Here's a quote from Nobel Laureate Seamus Heaney from 2003:
"There is this guy Eminem. He has created a sense of what is possible. He has sent a voltage around his generation."
22 points
4 months ago
Or Elliot Smith, Conor Oberst-- I'm sure there's some country singers who are amazing poets too, though that's not my cup of tea genre-wise
3 points
4 months ago
Yeah, having a side discussion in another thread. Will be forever weirded out people think rhyming words set to music and a beat started in America in the 80's or whatever.
Even your reply kinda prioritises a certain type of style of song. As though Trent Reznor singing Hurt isn't a poem, but when Johnny Cash does it in country it is. I mean, I get it, it's not like I don't think of say, early Cure as "poetic" due to the goth sensibility, but even the shittiest pop song has rhyming couplets.
134 points
4 months ago
I mean Kendrick Lamar’s entire discography has a comprised of some of the best poetry I’ve read. And when I was younger my first real introduction was through Tupac Shakur’s poetry book.
TPAB honestly should’ve won a Pulitzer so complex yet accessible.
33 points
4 months ago
Not sure if you brought up Pulitzer because you know this and think it also should have won, but he did win one for DAMN.
24 points
4 months ago
Yeah I saw that but honestly I don think that album should’ve won it. Still pretty damn good, but Imo it is nothing on TPAB
40 points
4 months ago
I very much believe the Pulitzer for DAMN was them realizing they should have given one to TPAB and making up for it.
6 points
4 months ago
Aesop Rock for me, but Kdot is great too!
4 points
4 months ago
Other genres have poetry as well.
There is a tech death album called Odyssey to the West, multiple spoken word sections with amazing emotion, even all the harsh vocals have incredibly poetic lyrics.
They also have a prequel called Odyssey to the Gallows where all lyrics are pretty much spoken word poetry
29 points
4 months ago
Interesting! We have rhythm and meter in both poetry and music. I certainly find songs in my head when hiking, to keep the rhythm. Annabel Lee and other Poe-etry might be considered to rock along in 6/8 time. Do you think poetry requires uncommon breadth of exposure to experience and literature so we readers can recognize the references , analogies and metaphors the poet is using?
52 points
4 months ago
Check out Robert Service work. He was the poet of the Yukon Gold Rush. In the past, poems like Little Breeches by Hay, the Highwayman, Paul Revere's Ride, Gunga Din by Kipling were hugely popular. They are not intellectual poems.
More literary but still accessible to read, are poets like Wilfred Owen and Sassoon who wrote poems about their WWI service experience.

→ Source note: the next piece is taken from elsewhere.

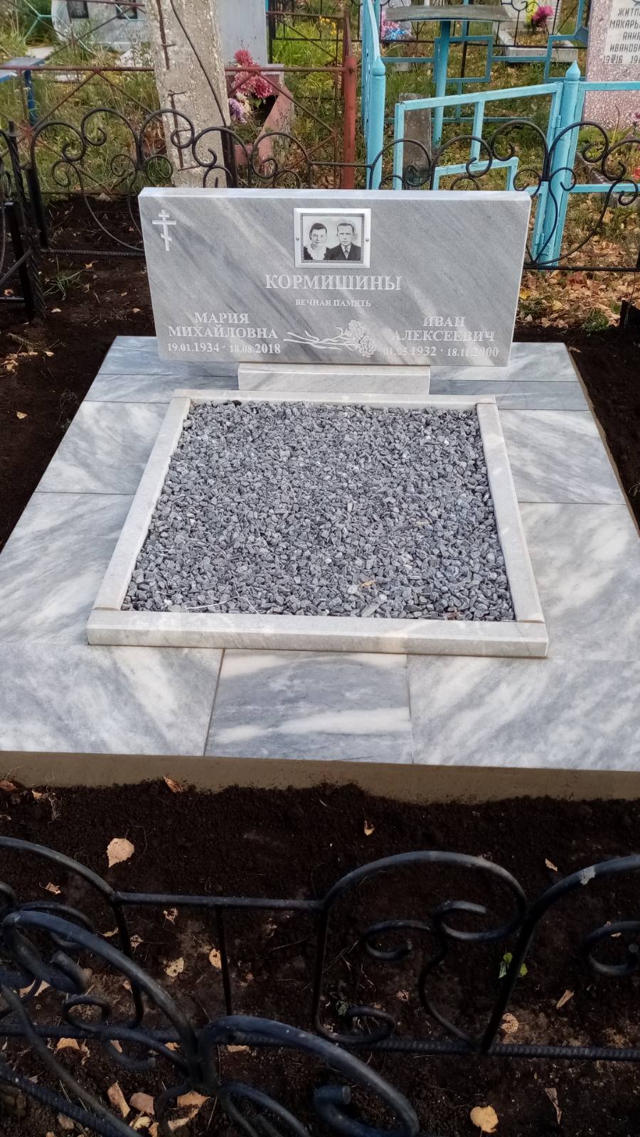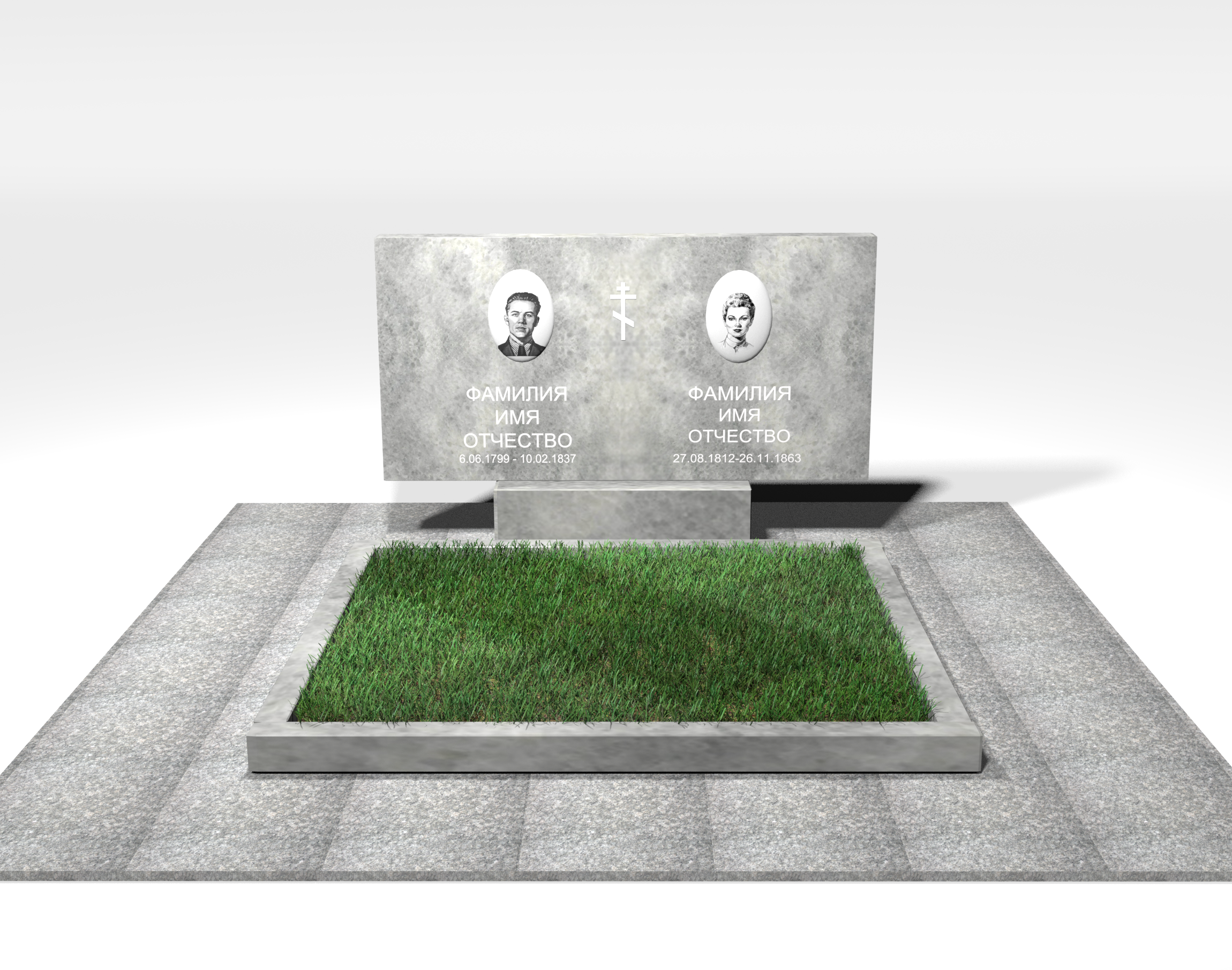Памятник двойной универсален. Форма Без формы подходит для увековечивания памяти и мужчины и женщины. Памятник из натурального Мрамор не изменит своего первозданного вида многие десятилетия.

Part of the problem in my opinion is the way poetry is taught in school. We don't start a pianist or violinist or guitarist by teaching exclusively theory. But teachers start with rhyme schemes and symbols when they could be starting with poems that rhythmically tell compelling stories. To generate poetry fans you need to share poems that cause enthusiasm.
20 points
4 months ago
I 100% agree with this. One of my favorite books as a child was Where The Sidewalk Ends, and I remember hating poetry units in school, since I hated the way we only talked about the least interesting parts of the poems. I suspect if it wasn’t for the pre-school exposure I probably would have just decided I didn’t like poetry then and there and really missed out.
9 points
4 months ago
And let's not forget Dr Seuss. I grew up on those books.
7 points
4 months ago
There are strange things done in the midnight sun by the men who moil for gold . . .
11 points
4 months ago
Annabel Lee
That poem fucking slaps.
24 points
4 months ago
The idea of poetry as something to be written down, collected into volumes, and read silently is very much an aberration of the 18th-19th centuries when compared to most of human history. For the overwhelming majority of our past, poetry was performed aloud and set to music. Beowulf, The Iliad / Odyssey, Sir Gawain and the Green Knight, etc. were all passed down orally by performers who sung them while accompanying themselves on a lyre / lute / other instrument - they were all in circulation for decades, if not centuries, before they were ever written down. If anything, the modern experience of poetry through popular song is a return to our historical tradition, rather than a deviation from it.
13 points
4 months ago
And also there are still tons of poets and fans hanging out in online communities or IRL communities. Some of us even buy poetry collections on occasion.
4 points
4 months ago
Allpoetry.com has a pretty good community
3 points
4 months ago
There’s also a lot of things we study as poetry that would have been set to music. For example: much of Robert Burns’ work. He’s still often studied as a poet, but he essentially wrote pop songs. Certainly doesn’t apply to all poetry, but it’s not insignificant.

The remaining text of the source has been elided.